Les violences contre les journalistes n’ont pas de fin
Organisation :
Reporters sans frontières exprime son effroi face à l’assassinat d’un onzième journaliste depuis le début de l’année 2010. Luis Carlos Santiago Orozco, photographe pour le quotidien El Diario, a été abattu dans sa voiture, et son collègue Carlos Manuel Sanchez Colunga grièvement blessé, par des inconnus dans le parking d’un centre commercial, jeudi 16 septembre, à Ciudad Juarez, ville à la frontière des Etats-Unis. Les tueurs ont pris la fuite.
L’attaque a eu lieu peu avant 15 heures à l’extérieur d’un parking du centre commercial Rio Grande, non loin des bureaux d’El Diario. Selon les premières informations, le mode opératoire est caractéristique des « contrats » et des règlements de comptes chez les trafiquants dans la guerre des cartels.
Reporters sans frontières exprime ses condoléances à la famille de Carlos Santiago, à peine âgé de 21 ans. Ses pensées vont également à son collègue Carlos Sanchez, actuellement à l’hôpital dans un état grave, dont elle espère le rétablissement.
Les mobiles derrière ces dernières violences ne sont pas clairs. Le journal n’avait pas reçu de menaces, les deux victimes n’étaient pas des journalistes confirmés et ne menaient aucun travail d’enquête particulier. Selon le directeur du journal, Pedro Torres, Luis Carlos avait rejoint El Diario comme stagiaire au mois de mai dernier et devait être engagé par le journal à partir du lundi 20 septembre. Son camarade Carlos Sanchez était également en stage depuis quelques semaines et devait être embauché par le journal à temps complet comme photographe. Ils avaient passé la matinée à un cours de photographie aux bureaux d’El Diario. « Ils ne couvraient aucun événement. Nous ne savons pas qui peut être derrière cette agression », a indiqué Pedro Torres.

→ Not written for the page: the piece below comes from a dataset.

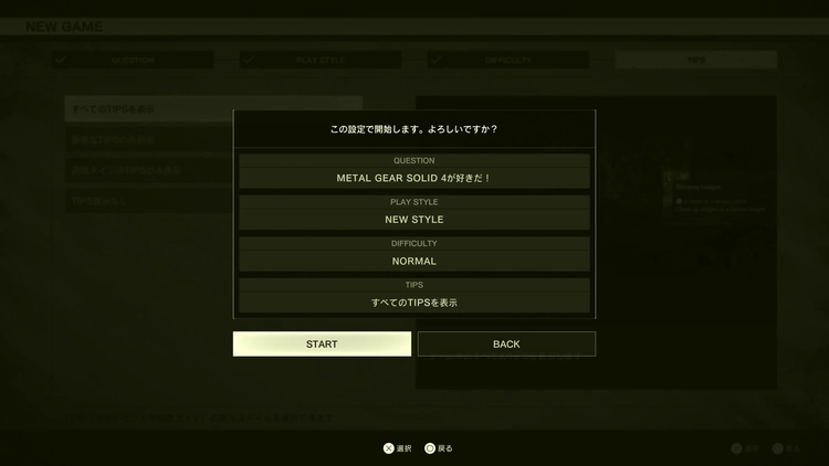「NEW GAME」を選択すると、4種類の設定(実質3種)を選択した後にゲームがスタートする。

Dans certains Etats du Mexique, et particulièrement dans la ville de Ciudad Juarez qui présente le désastreux bilan de près de 4000 tués en deux ans, la situation est proche du chaos. Face à l’extrême violence qui touche, en plus de la population en général, les professionnels de la presse, Reporters sans frontières soutient le rapporteur spécial des Nations unies pour la liberté d’opinion et d’expression, Frank La Rue, qui lors d’un déplacement à Mexico en août dernier, avait proposé de mettre en place une protection spéciale pour les journalistes. L’organisation demande également au gouvernement de Felipe Calderon de réviser son plan de lutte contre l’impunité qui, cette tragédie le prouve une fois de plus, reste sans efficacité. Lors d’une rencontre avec la Haut-Commissaire des Nations unies aux droits de l’homme, Navanethem (Navi) Pillay, en juin dernier, Jean-François Julliard, secrétaire général de Reporters sans frontières, avait soulevé le problème de la protection des journalistes, notamment au Mexique.
L’assassinat de Luis Carlos Santiago Orozco intervient seulement 20 jours après le changement de gouvernement dans l’Etat du Chihuahua et presque deux ans après l’assassinat de Armando Rodríguez Carréon, journaliste d’El Diario, survenu le 13 novembre 2008. Jusqu’à ce jour, les enquêtes n’ont donné aucun résultat, et ce malgré les promesses de la procureur Patricia Gonzalez Rodriguez.
Interviewé par Reporters sans frontières, Pedro Torres a émis le souhait que « l’enquête mène à quelque chose, à la différence de celle sur le meurtre d’Armando, qui avait eu lieu devant chez lui. Cette fois, les faits se sont déroulés dans un espace public où sont installées des caméras de surveillance et en présence de témoins. »
Depuis 2000, 68 professionnels des médias ont perdu la vie au Mexique, et onze sont portés disparus depuis 2003. Le Mexique est en Amérique latine le pays le plus dangereux pour la liberté de la presse et l’un des plus meurtriers au monde pour les journalistes.